Admiralty Islands

Relief map of Admiralty Islands

The Admiralty Islands group consists of about 20 volcanic islands, with a total land area of about 800 square miles (2020 km2), located just north of the eastern end of New Guinea, very near the Equator. They are rugged and covered with jungle. Most of the coasts are fringed with coral reefs, leaving only a few small beaches suitable for landing operations. The largest island, Manus, is 49 miles long and 16 miles wide (89 km by 26 km) and its central mountains reach to 2355' (718 meters). Northeast of Manus is found a superb anchorage, Seeadler Harbor, which is 15 miles long by 4 miles wide (24 km by 6km) and was of considerable strategic value in the South Pacific campaign. The main settlement is at Lorengau (147.275E 2.031S), to the south of Seeadler Harbor.

The group was discovered by the Dutch in 1616 and given its Western name by Captain Philip Carteret of the Royal Navy in 1767. Controlled by Germany prior to the First World War, the islands were mandated to Australia in 1920. In 1939 there were only 44 Westerners, mostly plantation managers, living in the island group. The indigenous population numbered about 13,000 Melanesians who were favorite subjects for study by prewar anthropologists. The islands produced small quantities of copra, turtle shells, and pearls, the latter heavily exploited before the war by Japanese divers from the Caroline Islands to the north.

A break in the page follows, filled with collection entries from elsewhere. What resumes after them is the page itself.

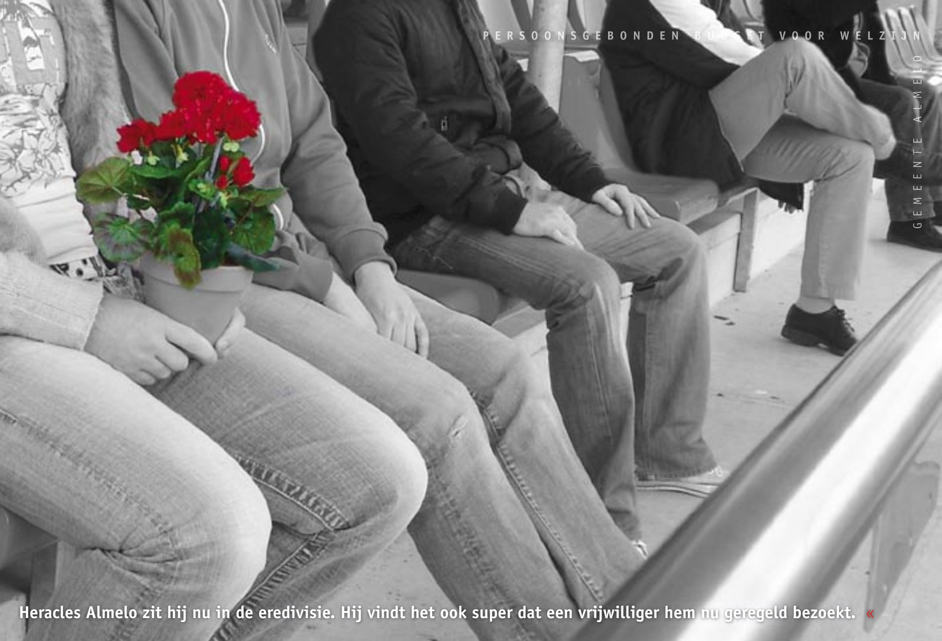
Heracles Almelo zit hij nu in de eredivisie. Hij vindt het ook super dat een vrijwilliger hem nu geregeld bezoekt. «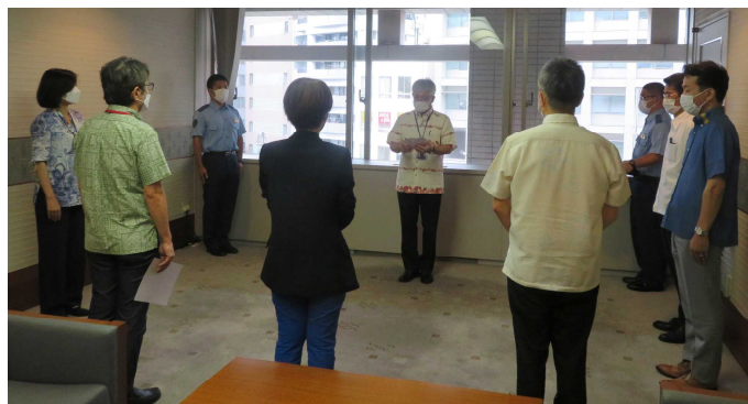
阿波連委員長挨拶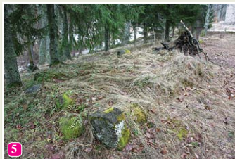
Grab vom Werwolf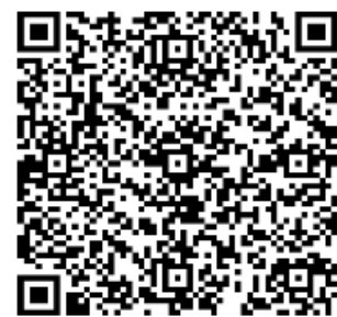
Лист стосовно надання освітнім програмам зразкової акредитації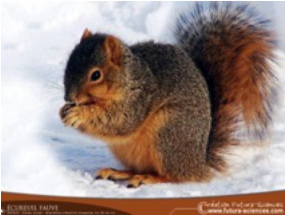
Producteur de matière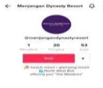
Pemasaran Langsung ( Direct Marketing )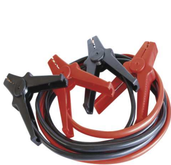
56329 + 56336 + 56343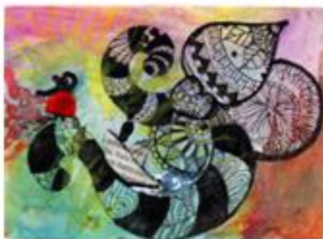
Garazi Aldama (Zarautz-Guipúzcoa)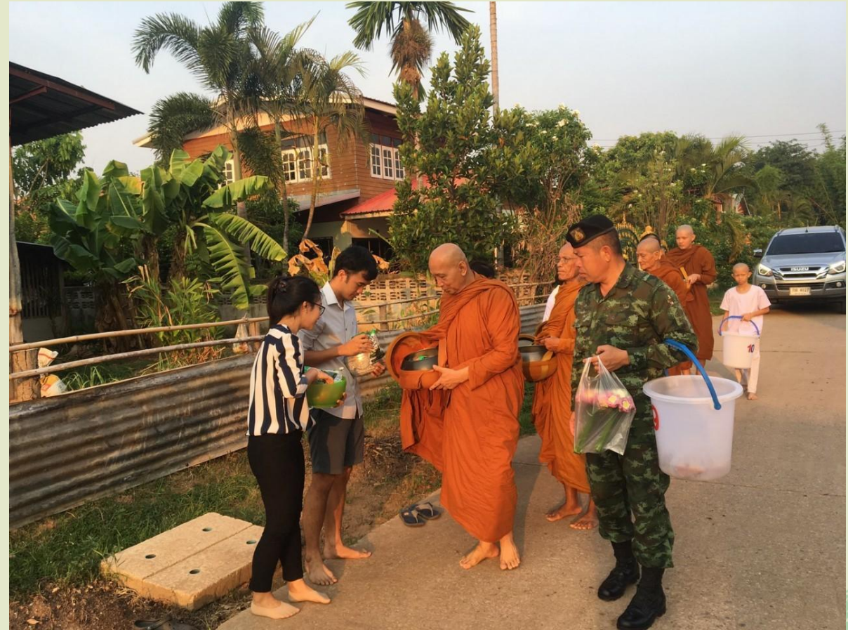
การเข้าร่วมกิจกรรมที่แสดงถึงวัฒนธรรมประเพณี อันดีงามของชาวพุทธในท้องถิ่น

The islands were also completely undeveloped, with no roads outside the immediate vicinity of Lorengau. A native trail ran along the north coast of Manus, and three trails crossed the interior mountains to the south coast. The Japanese bombed Lorengau on 21 January 1942, occupied Manus on 8 April 1942 with 51 Transport Regiment from 51 Division, and completed a 4000' (1220 meter) airstrip at Momote on the island of Los Negros, east of Seeadler Harbor. In 1943 they completed a 3300' (1005 meter) airstrip northwest of Lorengau. At the same time the garrison was reinforced with elements of 14 Base Force and a battalion each from 1 Independent Mixed Regiment and 229 Regiment. The garrison remained relatively small, numbering about 4600 troops.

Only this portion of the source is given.